## Given records
= = = = =

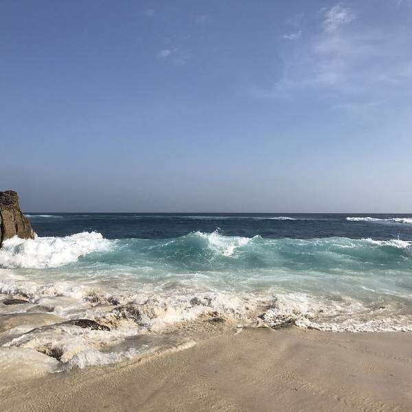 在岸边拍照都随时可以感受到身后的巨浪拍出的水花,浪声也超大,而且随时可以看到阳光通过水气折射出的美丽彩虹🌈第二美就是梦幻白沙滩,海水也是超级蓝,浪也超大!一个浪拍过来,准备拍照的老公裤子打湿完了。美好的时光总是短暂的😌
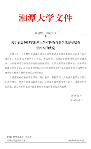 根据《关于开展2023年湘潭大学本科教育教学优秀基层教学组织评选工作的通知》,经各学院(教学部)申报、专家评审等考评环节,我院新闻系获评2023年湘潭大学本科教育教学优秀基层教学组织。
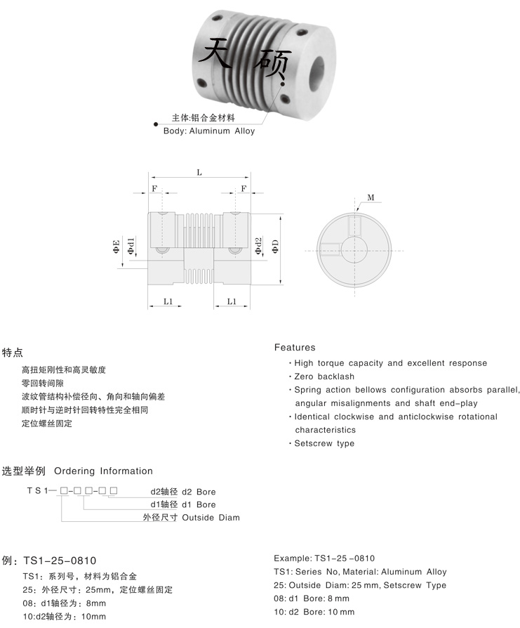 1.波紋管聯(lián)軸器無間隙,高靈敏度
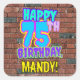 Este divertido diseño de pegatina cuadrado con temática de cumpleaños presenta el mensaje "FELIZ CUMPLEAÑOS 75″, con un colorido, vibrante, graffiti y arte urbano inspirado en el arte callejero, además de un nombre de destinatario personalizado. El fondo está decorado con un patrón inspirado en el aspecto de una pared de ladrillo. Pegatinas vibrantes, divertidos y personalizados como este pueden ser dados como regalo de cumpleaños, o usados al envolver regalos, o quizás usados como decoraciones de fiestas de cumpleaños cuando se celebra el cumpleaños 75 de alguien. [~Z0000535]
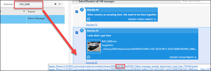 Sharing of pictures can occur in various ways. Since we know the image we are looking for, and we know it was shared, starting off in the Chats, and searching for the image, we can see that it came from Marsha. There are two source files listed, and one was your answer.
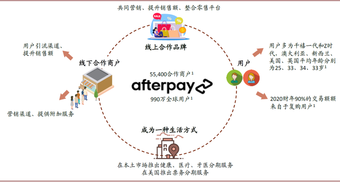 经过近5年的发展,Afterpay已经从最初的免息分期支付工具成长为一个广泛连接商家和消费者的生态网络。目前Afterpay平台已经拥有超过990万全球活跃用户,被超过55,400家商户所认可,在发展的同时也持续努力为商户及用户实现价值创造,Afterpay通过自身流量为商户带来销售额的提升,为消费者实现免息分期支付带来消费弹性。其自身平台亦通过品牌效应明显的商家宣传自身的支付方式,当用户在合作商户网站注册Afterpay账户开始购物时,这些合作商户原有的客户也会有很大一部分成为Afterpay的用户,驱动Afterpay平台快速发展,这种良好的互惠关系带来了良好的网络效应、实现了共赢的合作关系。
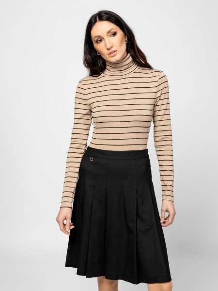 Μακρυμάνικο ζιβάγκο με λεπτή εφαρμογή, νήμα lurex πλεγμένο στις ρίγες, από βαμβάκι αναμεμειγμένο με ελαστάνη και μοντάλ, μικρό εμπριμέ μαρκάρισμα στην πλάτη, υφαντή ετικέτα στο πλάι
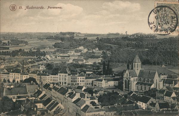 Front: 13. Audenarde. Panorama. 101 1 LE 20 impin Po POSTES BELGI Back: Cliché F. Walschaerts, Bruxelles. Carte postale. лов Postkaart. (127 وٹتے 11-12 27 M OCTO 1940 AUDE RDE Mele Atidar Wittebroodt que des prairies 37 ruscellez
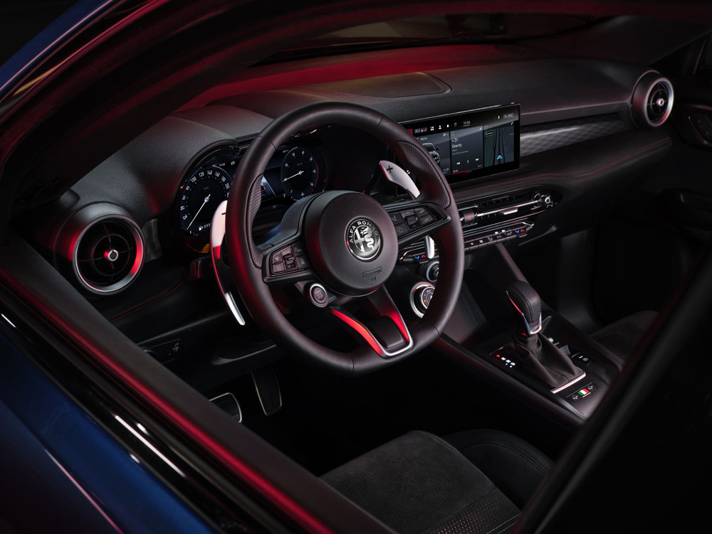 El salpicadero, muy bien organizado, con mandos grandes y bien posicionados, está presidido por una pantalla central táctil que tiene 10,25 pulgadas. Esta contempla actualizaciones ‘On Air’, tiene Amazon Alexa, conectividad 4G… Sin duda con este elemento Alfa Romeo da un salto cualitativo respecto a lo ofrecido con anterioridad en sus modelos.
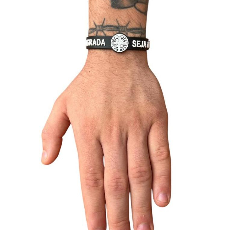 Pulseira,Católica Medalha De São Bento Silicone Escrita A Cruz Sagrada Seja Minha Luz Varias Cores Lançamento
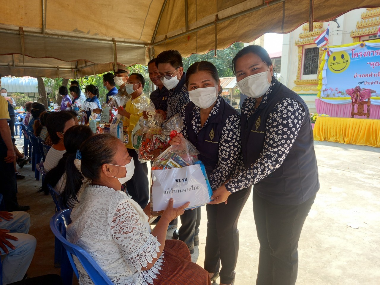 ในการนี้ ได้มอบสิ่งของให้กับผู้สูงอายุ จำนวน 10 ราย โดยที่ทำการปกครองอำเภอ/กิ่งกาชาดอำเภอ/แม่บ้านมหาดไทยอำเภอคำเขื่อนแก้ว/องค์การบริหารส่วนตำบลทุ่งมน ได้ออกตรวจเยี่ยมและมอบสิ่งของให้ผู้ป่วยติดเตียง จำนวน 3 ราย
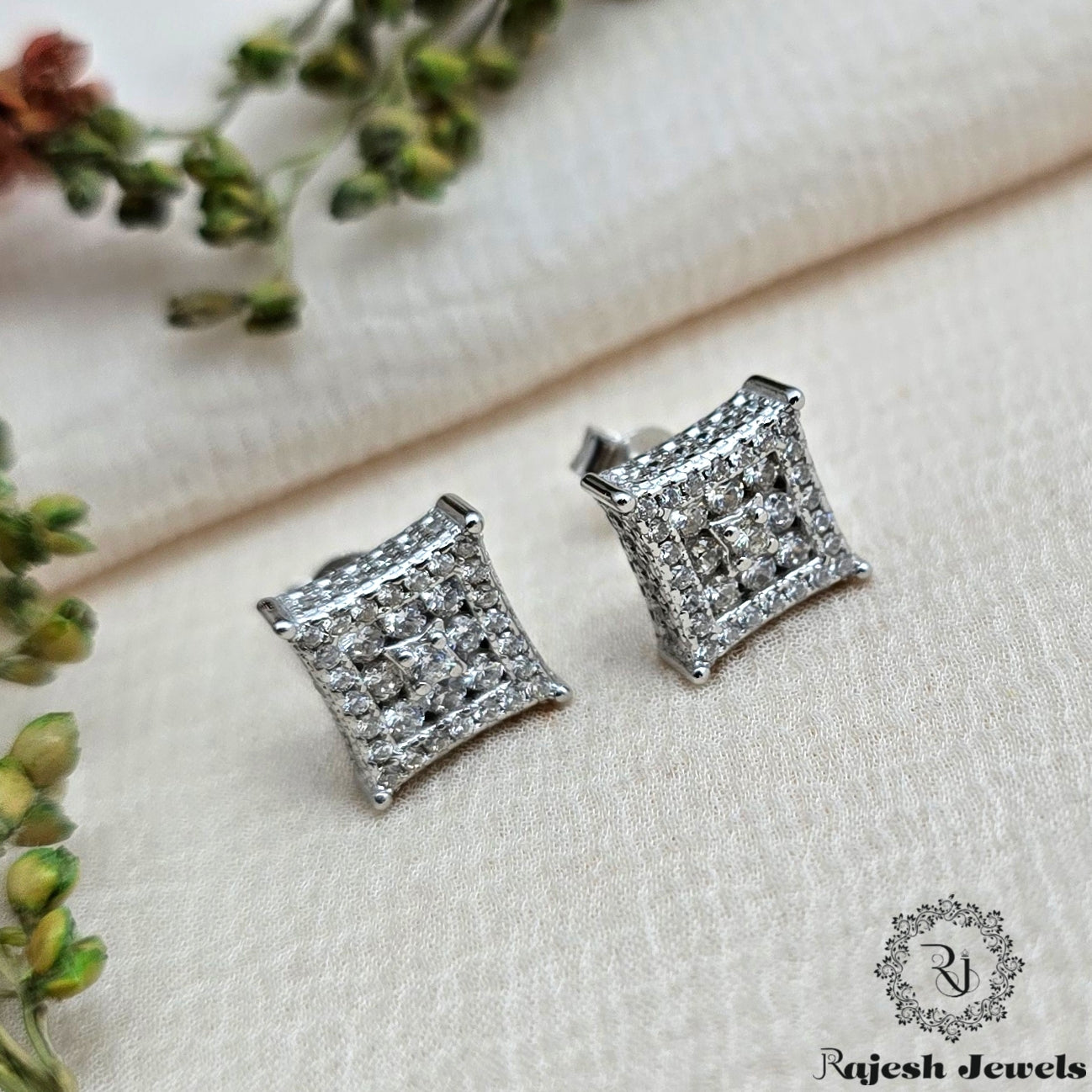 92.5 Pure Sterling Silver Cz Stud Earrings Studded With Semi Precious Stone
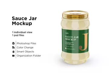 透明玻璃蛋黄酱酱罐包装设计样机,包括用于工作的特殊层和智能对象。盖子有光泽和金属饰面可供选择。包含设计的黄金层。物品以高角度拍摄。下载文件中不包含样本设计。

= = = = =

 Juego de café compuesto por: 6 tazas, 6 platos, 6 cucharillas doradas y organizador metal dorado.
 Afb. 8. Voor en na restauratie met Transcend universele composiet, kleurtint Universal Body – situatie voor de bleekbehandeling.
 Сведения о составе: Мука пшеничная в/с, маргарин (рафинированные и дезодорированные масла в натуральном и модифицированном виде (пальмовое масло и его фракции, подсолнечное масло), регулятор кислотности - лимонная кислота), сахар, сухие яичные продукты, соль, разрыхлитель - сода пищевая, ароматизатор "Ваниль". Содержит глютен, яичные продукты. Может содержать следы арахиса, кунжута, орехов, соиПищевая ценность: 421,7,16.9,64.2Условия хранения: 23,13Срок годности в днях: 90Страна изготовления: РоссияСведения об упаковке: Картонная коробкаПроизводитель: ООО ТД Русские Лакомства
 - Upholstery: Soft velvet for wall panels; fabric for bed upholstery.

= = = = =

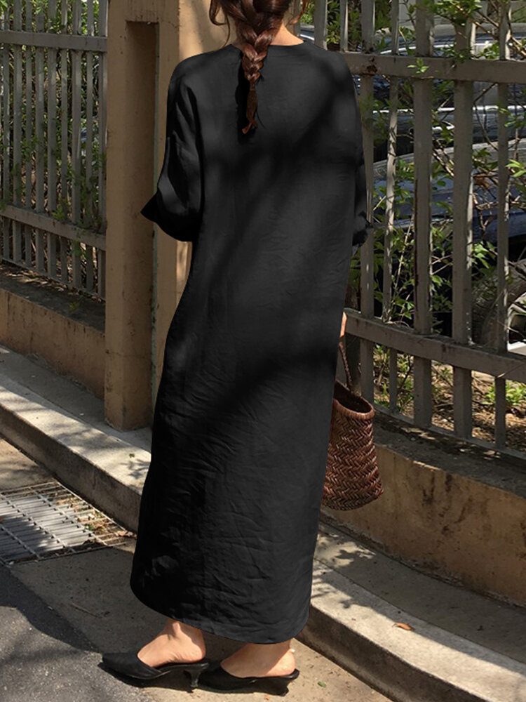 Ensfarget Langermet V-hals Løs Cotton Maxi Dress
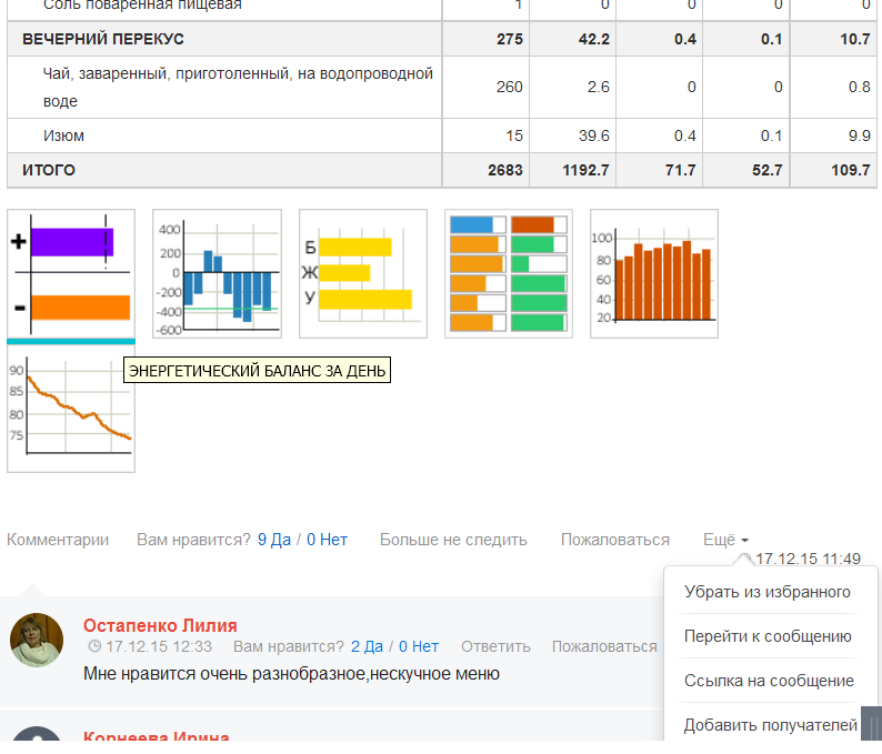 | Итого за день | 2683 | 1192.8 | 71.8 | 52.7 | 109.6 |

= = = = =

## Task goal
All pictures are to be skipped. Output, word for word, the lines in the data above starting at the line containing "ในการนี้ ได้มอบสิ่งของให้กับผู้สูงอายุ จำนวน" and ending at the line containing "92.5 Pure Sterling".

## Output for this exercise
 ในการนี้ ได้มอบสิ่งของให้กับผู้สูงอายุ จำนวน 10 ราย โดยที่ทำการปกครองอำเภอ/กิ่งกาชาดอำเภอ/แม่บ้านมหาดไทยอำเภอคำเขื่อนแก้ว/องค์การบริหารส่วนตำบลทุ่งมน ได้ออกตรวจเยี่ยมและมอบสิ่งของให้ผู้ป่วยติดเตียง จำนวน 3 ราย
 92.5 Pure Sterling Silver Cz Stud Earrings Studded With Semi Precious Stone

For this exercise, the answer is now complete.